Через час Вениамин Добржанский был уже на Сырецком аэродроме.
— Где можно увидеть поручика Нестерова? — спросил он у молодого солдата или моториста (он был в серой рубашке с завернутыми рукавами), надевавшего тяжелый пропеллер на носок мотора.
— А вы репортер? Из «Киевской мысли»? — вместо ответа спросил тот, нахмурясь.
— Нет. Я представитель фирмы Шанцера.
— Час от часу не легче. Хотите заключить договор на платные полеты перед почтенной публикой? Ничего у вас не выйдет!
— Послушайте, — разозлился Вениамин Добржанский, — почему вы отвечаете за поручика Нестерова?
— Очень просто! Потому что я и есть тот самый поручик!
Вениамин ахнул от удивления и, шагнув к Нестерову, ухватился за лопасть пропеллера.
— Господин поручик! Я полечу с вами. Я никогда не поднимался на аэроплане, но воображение подсказывает мне, что это будет похоже на прогулку на сковороде по преисподней. Что ж, я готов!.. Мировой рекорд — это такая штука, ради которой можно рискнуть свернуть себе шею!..
Петр Николаевич молча смотрел на незнакомца с пылкими жестами и горящими, по-детски наивными, голубоватыми глазами.
«Безумец, — подумал Петр Николаевич. — Право, безумец!.. Но откуда ему стало известно о нашем перелете?..»
— Господин… Не имею чести знать вас… — сказал Нестеров.
— Добржанский! — подсказал чудаковатый представитель фирмы Шанцера.
— …передайте хозяину фирмы, что я не могу принять его предложение.

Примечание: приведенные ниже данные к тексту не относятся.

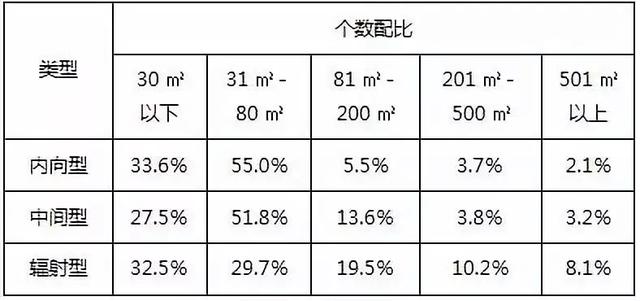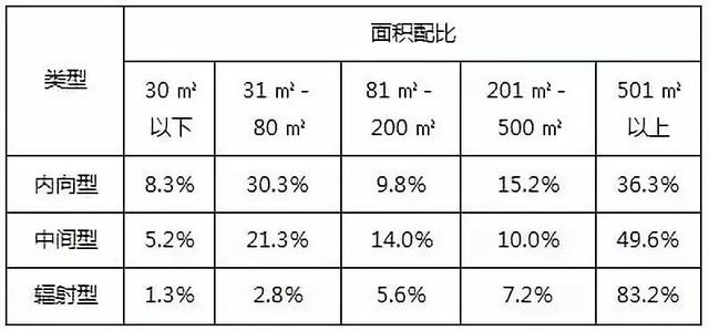 每种业态对于硬件技术指标的要求都不一致,对于铺位面积的需求也各不相同,结合社区商业各业态面积需求,将铺位按面积区间分为“30㎡以下、31㎡-80㎡、81㎡-200㎡、201㎡-500㎡、501㎡以上”五种面积区间。

— Его принял капитан Линно.
Петр Николаевич изумленно поднял брови, но в эту минуту — легок на помине! — появился и сам капитан. Он подошел со стэком в руке — длинный, прямой, величественно-холодный.
— Ктэ такэй? — спросил Линно у Нестерова, показав стэком на Добржанского.

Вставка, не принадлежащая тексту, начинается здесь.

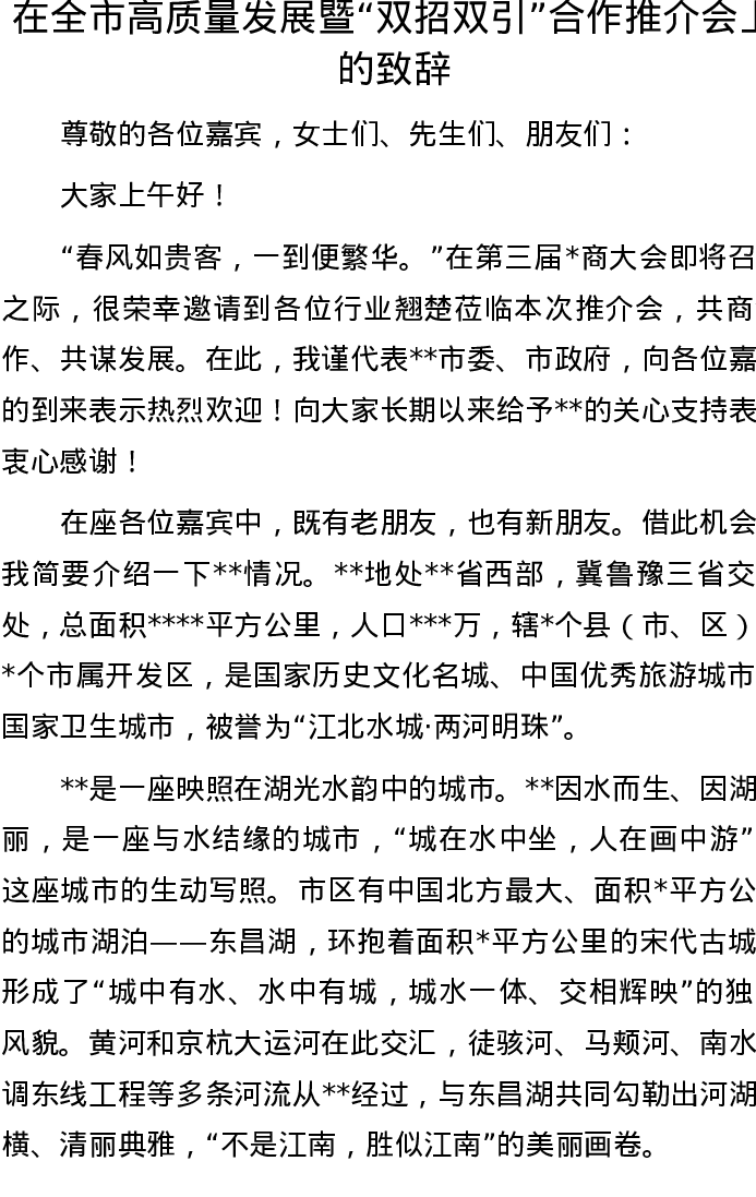 在全市高质量发展暨“双招双引”合作推介会上的致辞

— Меня прислал господин Шанцер, — ответил за Нестерова Вениамин.
— А-а… — произнес Линно, не поворачивая головы. — Этэт челэвек пэлетит с вами и будет фэтэграфирэвать.
— Господин капитан, — сказал Петр Николаевич, резко повернув пропеллер и поставив его вертикально. — Со мной должен лететь механик Нелидов. Он крайне нужен в дальнем перелете.
— С вами пэлетит фэтэграф, — невозмутимо проговорил Линно. Потом, подумав, выдавил на лице гримасу, чем-то отдаленно напоминавшую улыбку, и добавил:
— В синематэграфе вы увидите себя и весь перелет.
Петр Николаевич скрипнул зубами. Хотелось бросить все и крикнуть капитану Линно: «Летите сами со своим стэком и „фэтэграфэм“!»
Переждав, покуда утихнет прилив раздражения, Петр Николаевич сказал с неожиданной для самого себя просительной нотой в голосе:
— Позвольте, в таком случае, заявить ходатайство, господин капитан, чтобы процент от сбора при демонстрации будущей синематографической картины отчисляли в пользу Российского Воздушного Флота.
Линно молча кивнул и ушел, играя стэком…
Всю ночь Вениамин не спал. Он то и дело вскакивал с постели, проверял синематографический аппарат, пересматривал запасные кассеты. Потом ложился в кровать и думал, думал…
Его обуревали сомнения. Он часто читал в газетах о гибели авиаторов. Небо жестоко мстило тем, кто дерзал врываться в его голубые, с земли кажущиеся такими безмятежными, просторы.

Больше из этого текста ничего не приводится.